Les causes directes peuvent aussi venir de diverses pressions sur les pêcheurs, à savoir : les pressions de surveillance, qui poussent les braconniers à abandonner des engins; les pressions opérationnelles (y compris celles qui sont dues au mauvais temps), qui augmentent le risque d’abandon ou de rejet de matériel de pêche; la pression économique, qui entraîne le choix de rejeter à la mer le matériel inutilisable, plutôt que de l’éliminer une fois à quai; et les pressions spatiales, qui entraînent la perte ou les dégâts aux engins de pêche suite à des conflits portant sur les engins de pêche. Les causes indirectes comprennent le manque d’installations de collecte de déchets marin à terre, ainsi que leur accessibilité et le coût de leur utilisation.

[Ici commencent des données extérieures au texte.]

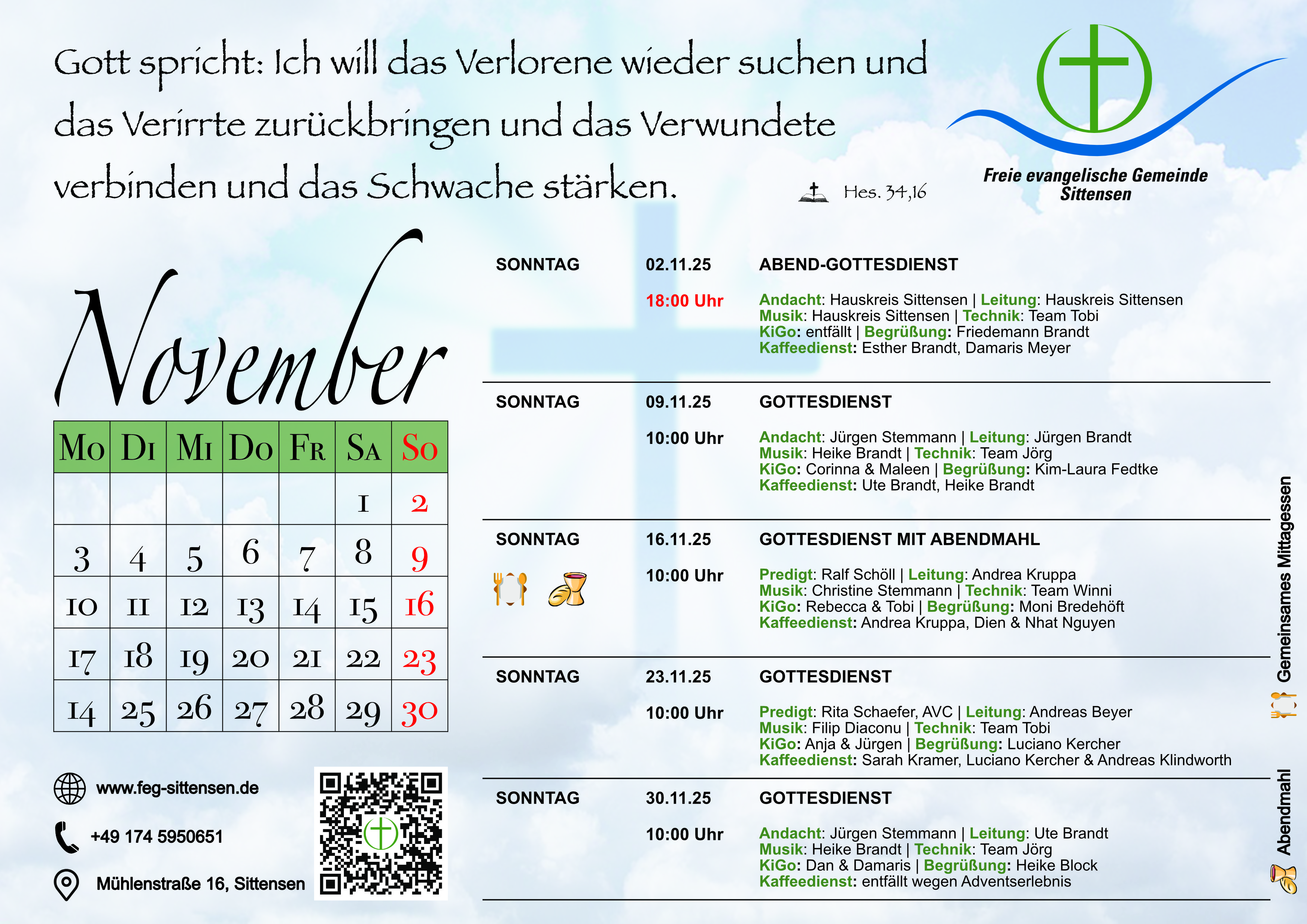 Herzliche Einladung zu unseren Gottesdiensten und Kindergottesdiensten im Gemeindezentrum, Mühlenstraße 16 in Sittensen

Les tentatives de chiffrage global des déchets marins ne produisent qu’une approche grossière des EPAPR, qui représentent en volume, selon la FAO, moins de 10 % de l’ensemble des déchets marins, tandis que les sources terrestres de déchets marins sont l’origine prédominante en zone côtière.

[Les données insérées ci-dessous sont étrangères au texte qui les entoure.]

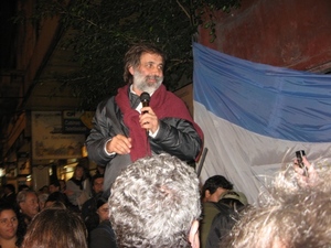 Entonces, el dirigente de la Federación de Trabajadores de la Cultura y la Comunicación (FETRACCOM-CTA) habla de que esto es el principio y que se necesita fortaleza para aguantar lo que se viene, y también dice que por segunda vez –la anterior había sido tras el infame asesinato del compañero docente Carlos Fuentealba en Neuquén- , la Central de Trabajadores de la Argentina y la CGT, de la mano de sus dos secretarios generales se unían para apoyar la pelea de la Multisectorial de Medios Rosario en contra de los 26 despidos, y el grito que surge, “Ni Vila ni Manzano, Yasky y Moyano”, y Carmona cuenta que finalmente el Grupo Uno tuvo que acatar la Conciliación Obligatoria dictada hace ya una semana por el Ministerio de Trabajo de la provincia de Santa Fe, y que el multimedios no acataba, y entonces habla bien de Carlos Rodríguez, ministro santafesino de trabajo, y de Carlos Tomada, Ministro de Trabajo de la Nación, y agradece a la Presidenta, a los senadores y diputados nacionales y provinciales y a los concejales de Rosario, pero principalmente al pueblo de Rosario y todas las organizaciones que bancaron la lucha, y recuerda el “Banderazo del sábado”.

Notons que les engins de pêche abandonnés, perdus ou rejetés tendent à converger et à s’accumuler dans des zones océaniques, où ils restent souvent durant de longues périodes. Les concentrations massives de déchets marins dans des zones telles que la zone de convergence équatoriale sont plus particulièrement préoccupantes, créant de véritables «radeaux» de déchets divers et variés, tels que différents plastiques, cordages, filets de pêche et déchets liés au fret.